SOURCE MATERIAL:
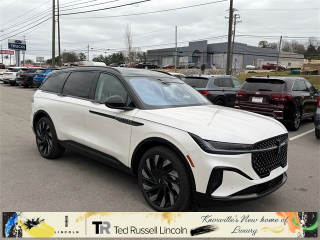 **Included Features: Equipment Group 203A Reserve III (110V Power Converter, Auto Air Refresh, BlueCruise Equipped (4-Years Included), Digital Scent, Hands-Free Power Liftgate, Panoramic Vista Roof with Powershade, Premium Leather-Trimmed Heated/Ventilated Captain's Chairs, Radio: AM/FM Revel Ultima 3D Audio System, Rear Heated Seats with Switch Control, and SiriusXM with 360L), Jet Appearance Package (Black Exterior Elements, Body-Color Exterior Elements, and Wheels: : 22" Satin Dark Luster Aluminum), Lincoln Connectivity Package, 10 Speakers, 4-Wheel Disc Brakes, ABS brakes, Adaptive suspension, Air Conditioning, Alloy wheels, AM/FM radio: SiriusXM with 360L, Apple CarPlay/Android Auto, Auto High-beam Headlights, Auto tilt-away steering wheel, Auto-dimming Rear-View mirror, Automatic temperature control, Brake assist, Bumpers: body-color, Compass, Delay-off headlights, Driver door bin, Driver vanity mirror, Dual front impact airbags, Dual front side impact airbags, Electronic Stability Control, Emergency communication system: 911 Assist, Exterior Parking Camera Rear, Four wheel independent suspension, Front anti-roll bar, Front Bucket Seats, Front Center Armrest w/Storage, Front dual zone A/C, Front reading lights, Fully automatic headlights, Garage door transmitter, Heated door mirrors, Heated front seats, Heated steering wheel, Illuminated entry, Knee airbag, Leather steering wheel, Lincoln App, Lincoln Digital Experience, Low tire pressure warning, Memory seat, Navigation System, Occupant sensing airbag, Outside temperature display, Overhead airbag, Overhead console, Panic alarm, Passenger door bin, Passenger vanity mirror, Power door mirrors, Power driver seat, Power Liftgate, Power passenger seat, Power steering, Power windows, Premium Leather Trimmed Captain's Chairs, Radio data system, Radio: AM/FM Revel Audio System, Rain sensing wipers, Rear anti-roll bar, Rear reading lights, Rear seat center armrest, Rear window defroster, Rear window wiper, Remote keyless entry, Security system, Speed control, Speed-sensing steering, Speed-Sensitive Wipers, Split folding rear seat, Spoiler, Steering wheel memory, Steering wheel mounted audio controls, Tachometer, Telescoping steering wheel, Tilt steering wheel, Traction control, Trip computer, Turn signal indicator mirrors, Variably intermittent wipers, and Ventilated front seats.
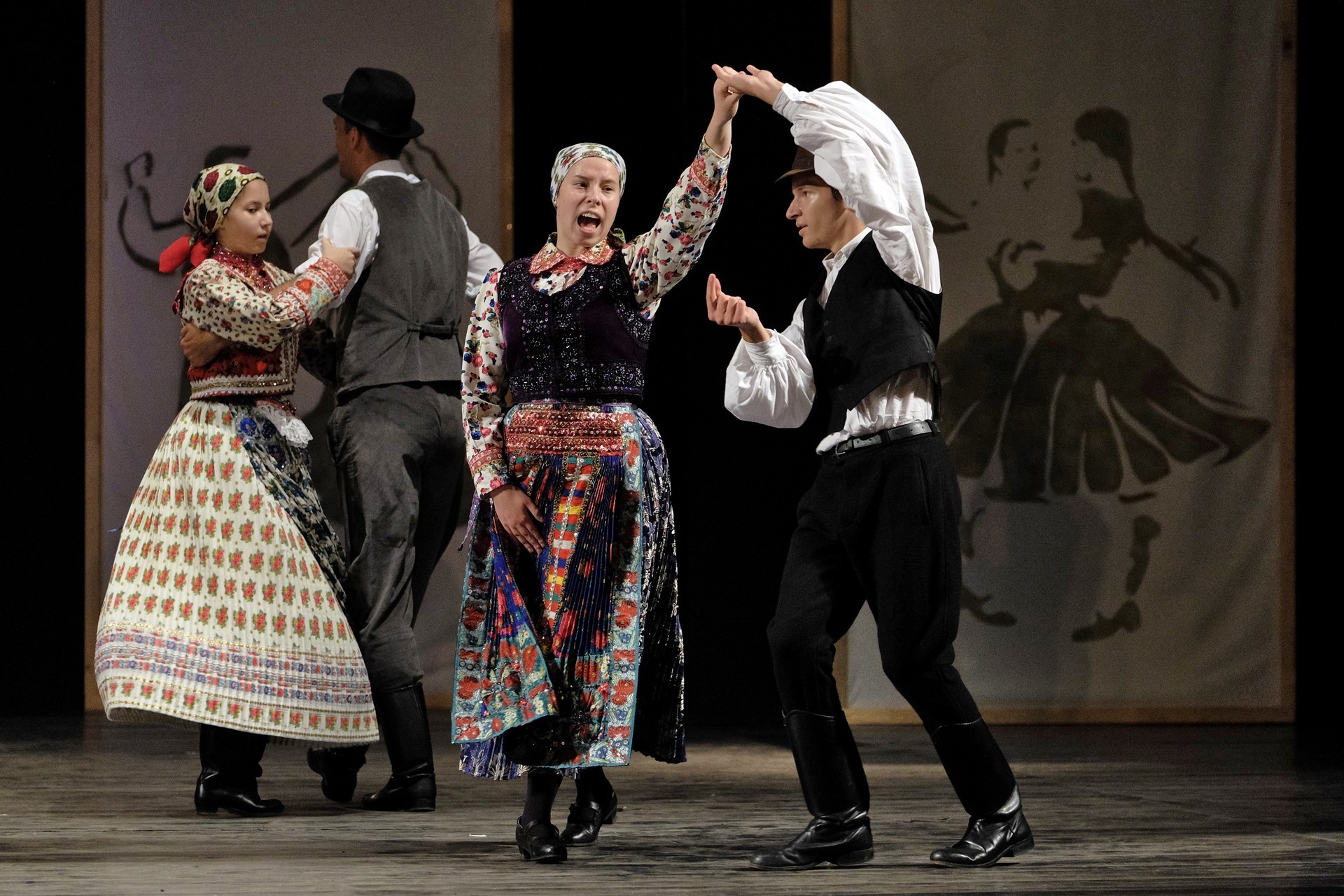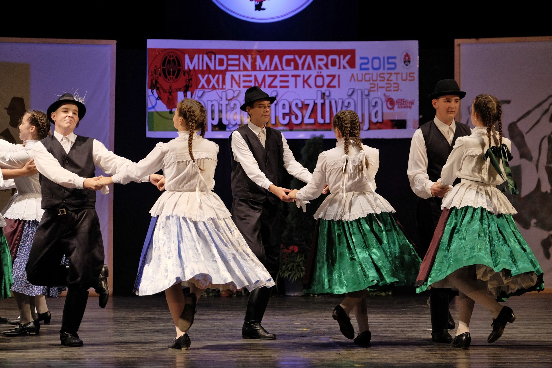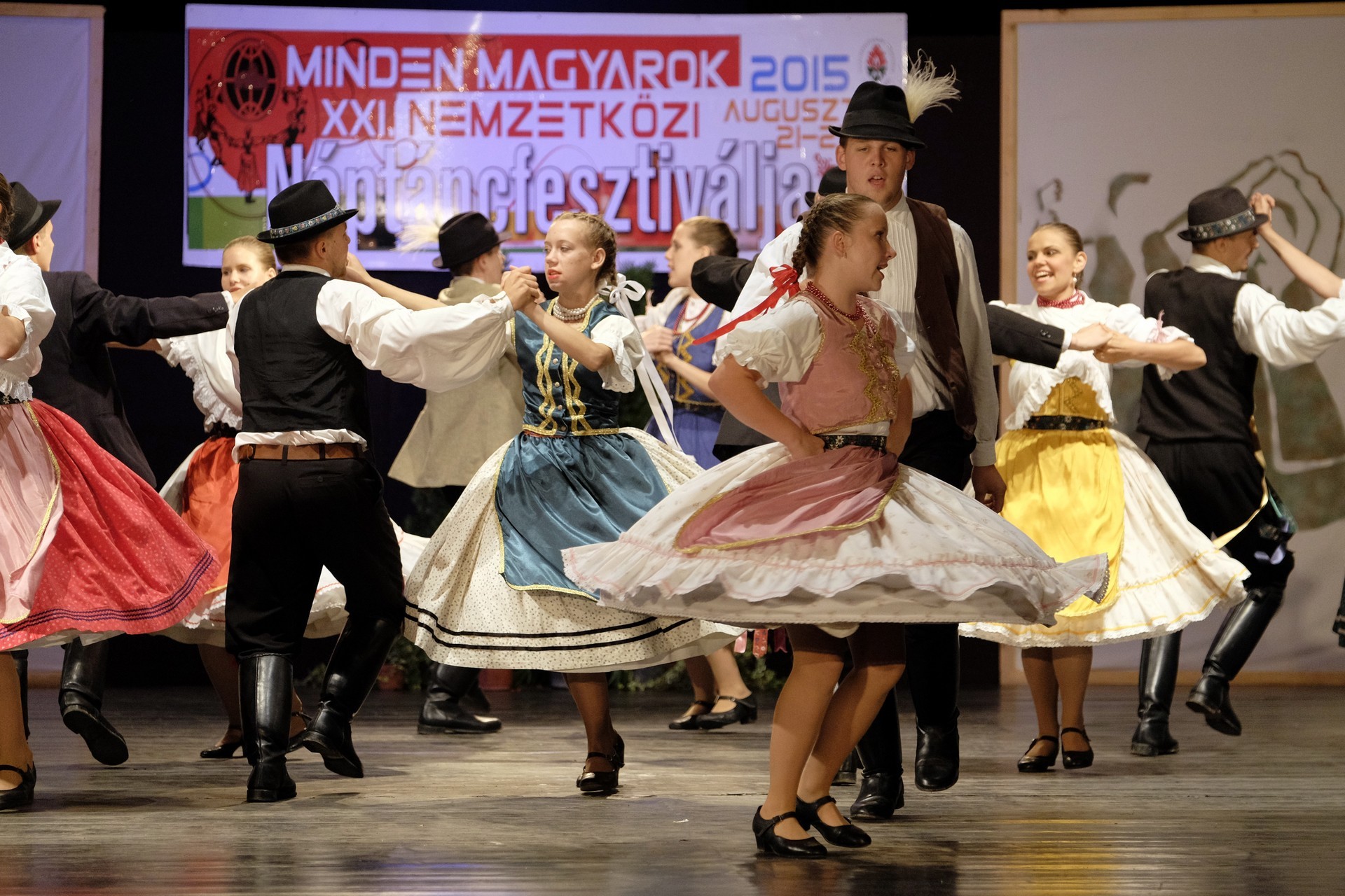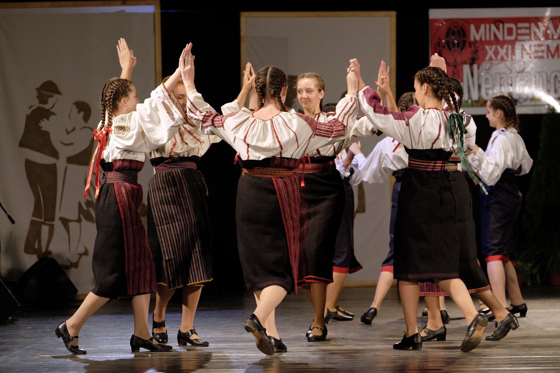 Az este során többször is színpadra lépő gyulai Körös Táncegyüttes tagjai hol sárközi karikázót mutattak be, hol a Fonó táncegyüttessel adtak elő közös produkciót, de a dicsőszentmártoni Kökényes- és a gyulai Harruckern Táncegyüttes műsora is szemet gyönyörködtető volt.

...

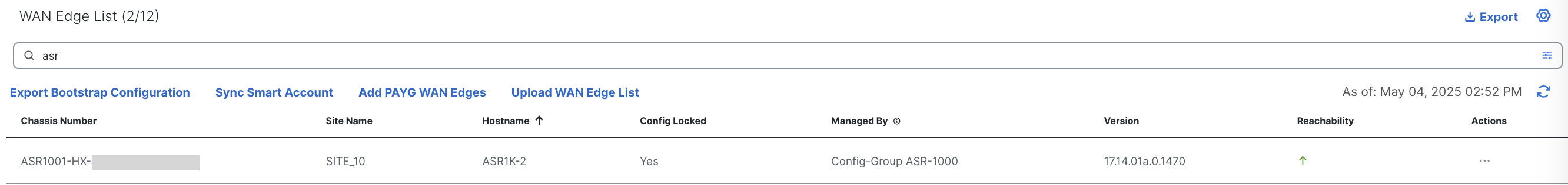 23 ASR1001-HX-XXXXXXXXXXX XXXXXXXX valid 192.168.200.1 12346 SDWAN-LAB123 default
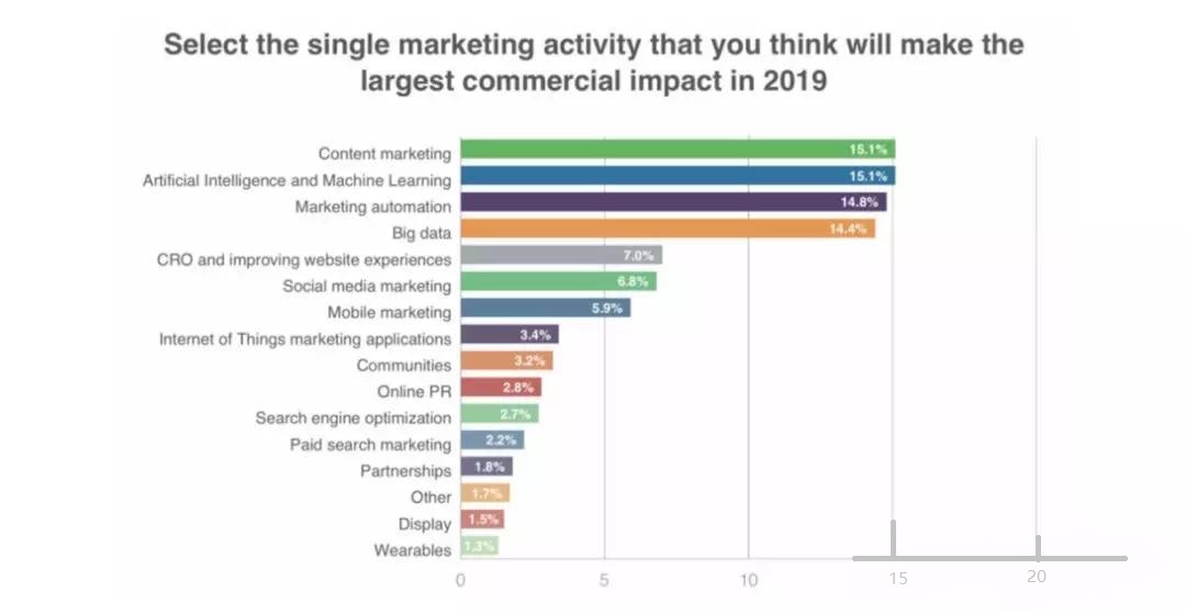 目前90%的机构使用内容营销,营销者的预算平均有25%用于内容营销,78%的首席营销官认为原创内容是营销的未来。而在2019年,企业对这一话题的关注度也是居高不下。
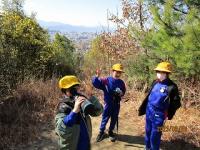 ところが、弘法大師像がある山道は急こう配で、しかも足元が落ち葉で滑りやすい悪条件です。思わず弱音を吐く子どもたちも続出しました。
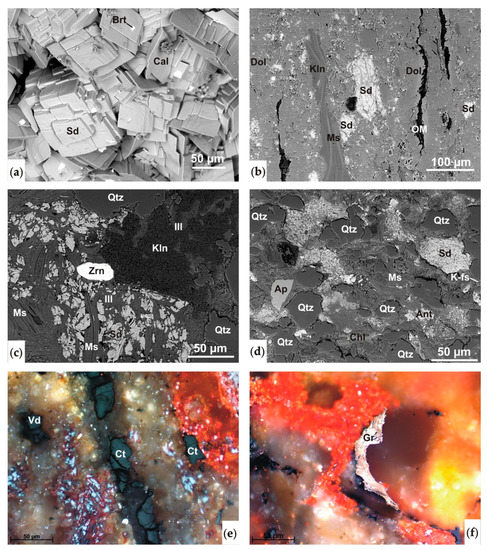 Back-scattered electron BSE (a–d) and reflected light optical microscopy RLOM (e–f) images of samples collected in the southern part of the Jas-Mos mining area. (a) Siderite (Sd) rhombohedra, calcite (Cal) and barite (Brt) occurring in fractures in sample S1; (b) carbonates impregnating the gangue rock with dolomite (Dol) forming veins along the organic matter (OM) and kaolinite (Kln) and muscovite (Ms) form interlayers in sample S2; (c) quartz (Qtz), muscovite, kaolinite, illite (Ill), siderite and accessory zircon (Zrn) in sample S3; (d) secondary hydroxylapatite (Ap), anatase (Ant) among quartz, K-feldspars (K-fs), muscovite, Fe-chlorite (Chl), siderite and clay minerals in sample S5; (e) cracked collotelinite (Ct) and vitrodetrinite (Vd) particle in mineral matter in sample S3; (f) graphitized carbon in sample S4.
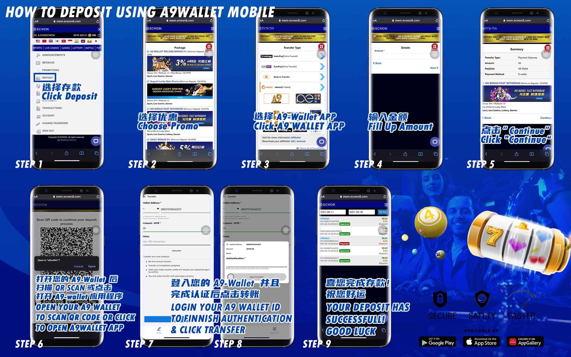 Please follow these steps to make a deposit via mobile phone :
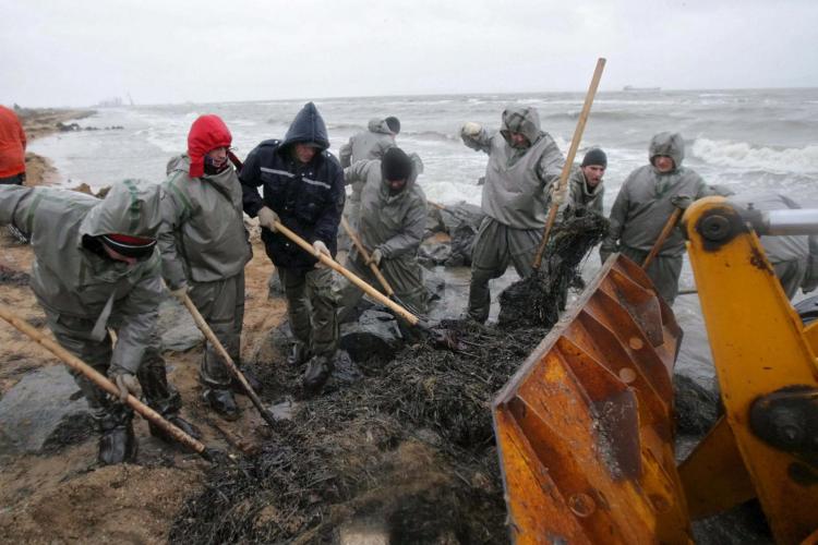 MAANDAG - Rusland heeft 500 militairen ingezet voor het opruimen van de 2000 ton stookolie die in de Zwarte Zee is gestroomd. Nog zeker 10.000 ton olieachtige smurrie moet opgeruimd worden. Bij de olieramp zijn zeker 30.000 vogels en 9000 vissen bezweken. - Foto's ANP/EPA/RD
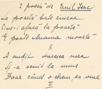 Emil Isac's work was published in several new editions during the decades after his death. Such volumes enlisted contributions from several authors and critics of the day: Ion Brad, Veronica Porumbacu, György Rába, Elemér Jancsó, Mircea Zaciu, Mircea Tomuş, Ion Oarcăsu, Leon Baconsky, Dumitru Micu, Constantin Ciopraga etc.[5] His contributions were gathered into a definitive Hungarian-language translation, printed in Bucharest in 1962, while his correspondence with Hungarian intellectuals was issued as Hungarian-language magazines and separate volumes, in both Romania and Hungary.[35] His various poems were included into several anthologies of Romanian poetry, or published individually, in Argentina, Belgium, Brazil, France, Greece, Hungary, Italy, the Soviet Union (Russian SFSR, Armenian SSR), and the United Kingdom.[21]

---

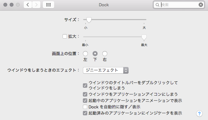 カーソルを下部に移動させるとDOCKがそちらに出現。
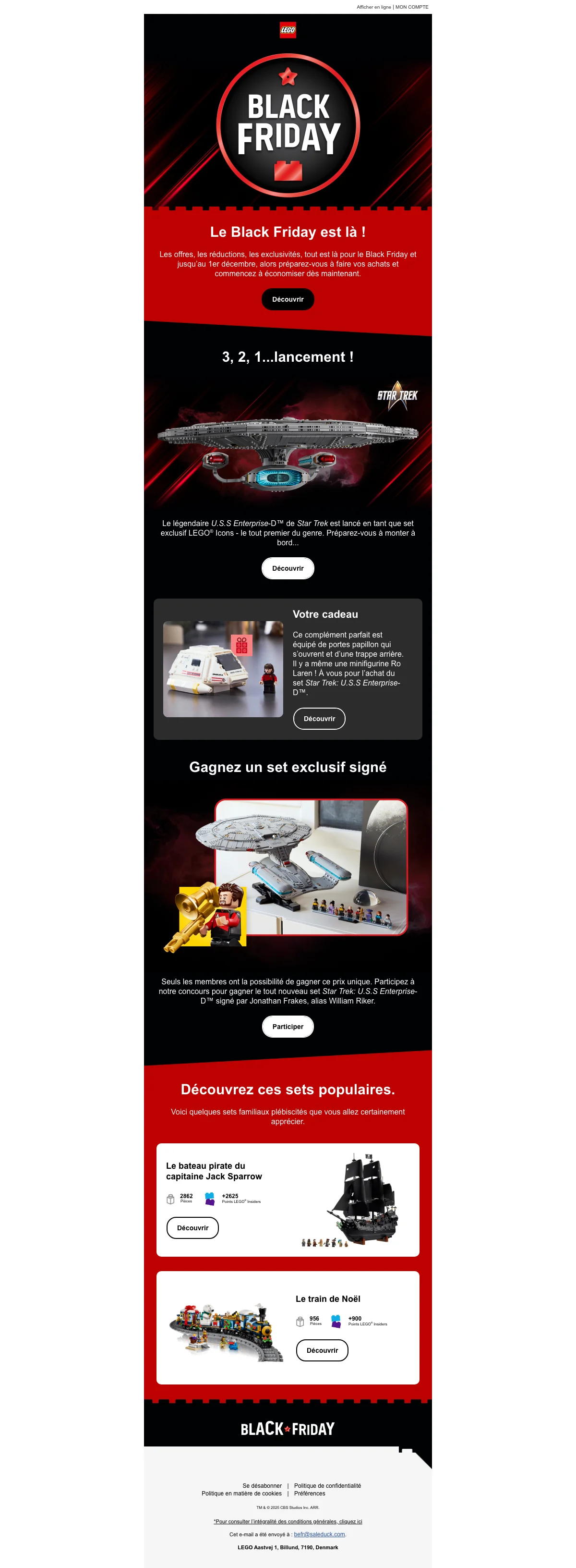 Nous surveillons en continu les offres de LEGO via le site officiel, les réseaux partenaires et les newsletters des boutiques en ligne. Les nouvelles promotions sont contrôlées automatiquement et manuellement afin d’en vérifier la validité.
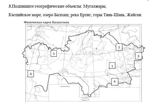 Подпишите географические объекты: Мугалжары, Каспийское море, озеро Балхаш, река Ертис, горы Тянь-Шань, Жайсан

ABOUT THIS TASK: Above are the records; copy exactly the lines from the one with "Nous surveillons en" through the one with "Подпишите географические объекты: Мугалжары, Каспийское", including both, and nothing more. Leave out pictures.

REPLY:
 Nous surveillons en continu les offres de LEGO via le site officiel, les réseaux partenaires et les newsletters des boutiques en ligne. Les nouvelles promotions sont contrôlées automatiquement et manuellement afin d’en vérifier la validité.
 Подпишите географические объекты: Мугалжары, Каспийское море, озеро Балхаш, река Ертис, горы Тянь-Шань, Жайсан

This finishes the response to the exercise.